労働力人口の減少が進み、どの企業も人手不足に悩まされている。またビジネスのグローバル化によって海外から安価で高品質な製品・サービスが流入し、競争力を持たない日本企業は苦境に立たされている。こうした事態から脱却するために必要なのは、限られたリソースを最大限に活用し、大きな成果を生み出す取り組み、すなわち「生産性向上」である。ここでは「生産性向上」の意味や人事施策につながる取り組みの進め方について解説する。

「生産性向上」が意味するものとは?

「生産性向上」とは、保有する資源を最大限に有効活用し、小さな投資で大きな成果を生み出すことを意味する。企業にとって生産性とは、「投入した経営資源(インプット)によって、どの程度の成果・価値(アウトプット)を生み出せたか」であり、次のような計算式で表現できる。

「生産性」=アウトプット÷インプット

 アウトプットは生産量・生産額や付加価値、インプットは従業員の数や労働時間などに置き換えればわかりやすい。100人の従業員が15,000個の製品を作り出しているなら、生産性は15,000÷100で150だ。もしも75人で同様の成果をあげられれば、生産性は15,000÷75で200へと向上する。あるいは100人の従業員が20,000個の製品を作り出すことができれば、生産性は20,000÷100で、やはり200ということになる。

 このように、インプット(労働力などの投入資源)に対するアウトプット(得られる成果)を大きくすることを「生産性向上」と呼ぶのである。

「生産性向上」の目的やメリットとは?

「生産性向上」は、近年、主に2つの理由から必要性が強く叫ばれるようになっている。

●労働力人口の減少
 総務省統計局『労働力調査』2020年版によると、日本の労働力人口(15歳以上のうち就業者と完全失業者を合わせた人口)は6868万人で、前年比18万人もの減少となった。
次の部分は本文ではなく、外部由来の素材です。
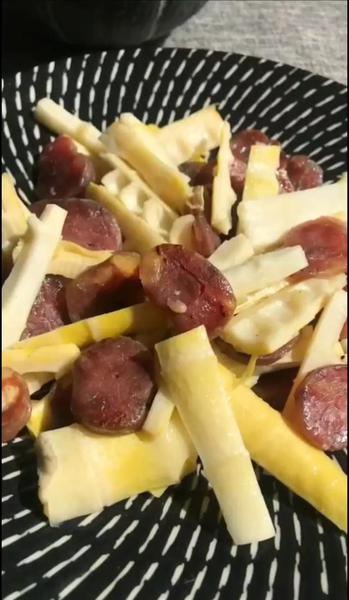 4、雷笋炒腊肠:雷笋剥皮焯水后切段,阿赐酱腊肠切薄片,锅烧热后放入腊肠片煸炒出油后下入雷笋,中火翻炒三分钟后撒少许盐、胡椒粉、香葱起锅即可。
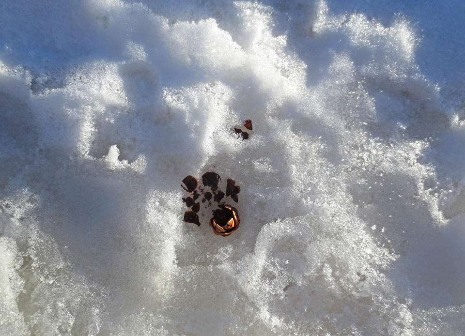 The other day, walking out on the land grant, I came across this. It’s a small pine cone that some little critter shelled and ate–right there in that patch of snow–the heart of the cone eaten away.
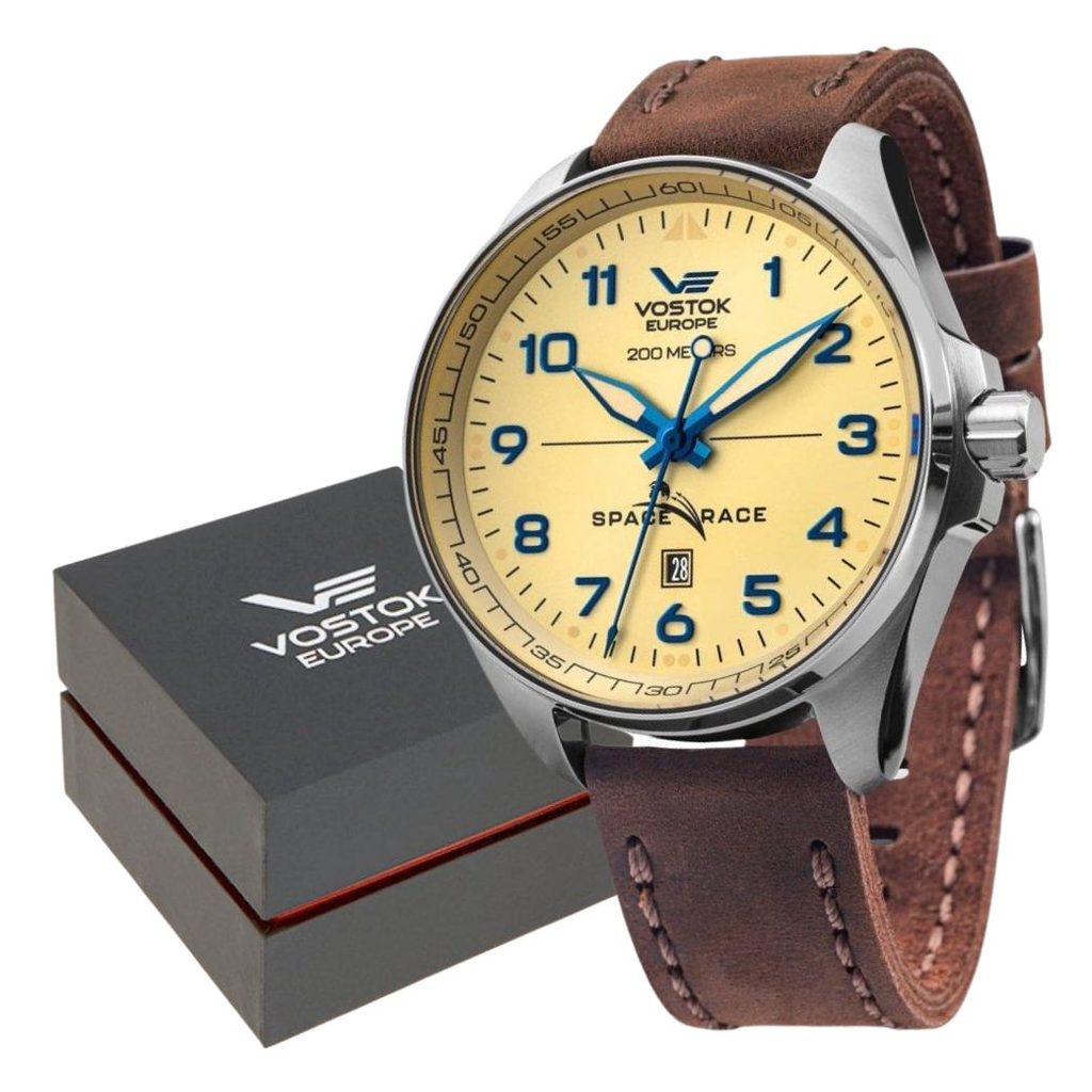 The Vostok Europe Space Race Automatic YN55-325A663 men's watch belongs to the Space Race model series. The USSR and the USA competed for supremacy in space flight. It began with the launch of an artificial satellite in 1957, continued with robotic space probes to the Moon, Venus and Mars, culminating in sending humans into Earth orbit and eventually to the Moon. The Apollo-Soyuz space mission of 1975 was a symbol of cooperation between the two sides and the end of the space race.

15~64歳に限れば5946万人で、前年比34万人の減少である。

 労働力というインプットが小さくなる中で、企業はこれまで通りのアウトプットを実現しなければならない。まさに「生産性向上」が求められる時代となっているのである。

●国際的な競争力の弱化
 公益財団法人日本生産性本部の『労働生産性の国際比較2020』によれば、日本の時間あたり労働生産性は47.9ドル(約5,000円)。OECD加盟37か国中21位という低い水準で、77.0ドル(約8,000円)にも達するアメリカの約6割に過ぎない。またスイスのIMD世界競争力センターが発表した『世界競争力ランキング』2020年版で、日本は主要63か国・地域中34位。1997年以降では最低の順位を記録した。

 日本の企業は生産性が低い=価値の高いモノやサービスを生み出せていないため、国際的な競争力も喪失しているのだ。こうした状況を打破するためにも、少ない資源で価値のあるモノやサービスを生み出すこと、すなわち「生産性向上」が不可欠なのである。

「生産性向上」への取り組みは方向性と指標の決定から始める

 インプットとアウトプットに対する考え方の違いによって「生産性向上」の方向性も異なってくる。

●インプット縮小型
 現場業務の効率化やコスト削減を進めることで投入する資源(インプット)を減らす。それでいて生産量や付加価値(アウトプット)は維持することで「生産性向上」を実現する。

●インプット大幅縮小型
 不採算部門の縮小・撤退・売却、事業の統廃合、リストラなど、事業全体を整理して経営資源の投入量を大幅に縮小する。成果の減少は避けられないが、アウトプット÷インプットの値を良化させることを目指す。

●アウトプット拡大型
 インプットを維持しつつ、アウトプットを増やすことを目指す。従業員のスキルアップやDX(デジタルトランスフォーメーション)などにより、労働量・労働時間あたりの成果を最大化することが求められる。

●アウトプット大幅拡大型
 生産性の高い事業に投資を集中し、インプットを大幅に増やす。その結果としてアウトプットも大幅に増やすことを目指す。

 また何をアウトプットと考え、何をインプットとして位置づけるのかによって生産性の意味も異なってくる。主に問題とされるのは、従業員1人あたり(または労働1時間あたり)が生み出す成果で、これは「労働生産性」と呼ばれる。さらに「労働生産性」はいくつかに分類される。

●付加価値労働生産性
 生産額・売り上げから、原材料費や外注費といった原価を引いたものを「付加価値」と呼ぶ。この付加価値をアウトプットとし、それを生み出すために投入された労働力をインプットと考えるのが「付加価値労働生産性」である。

「付加価値労働生産性」=付加価値額÷労働量(労働者数や労働時間)

●物的労働生産性
 物理的な量(生産個数、生産量など)をアウトプットとして考えるのが「物的労働生産性」である。目に見える成果をアウトプットとして計算することで、労働生産性をわかりやすく示そうというものだ。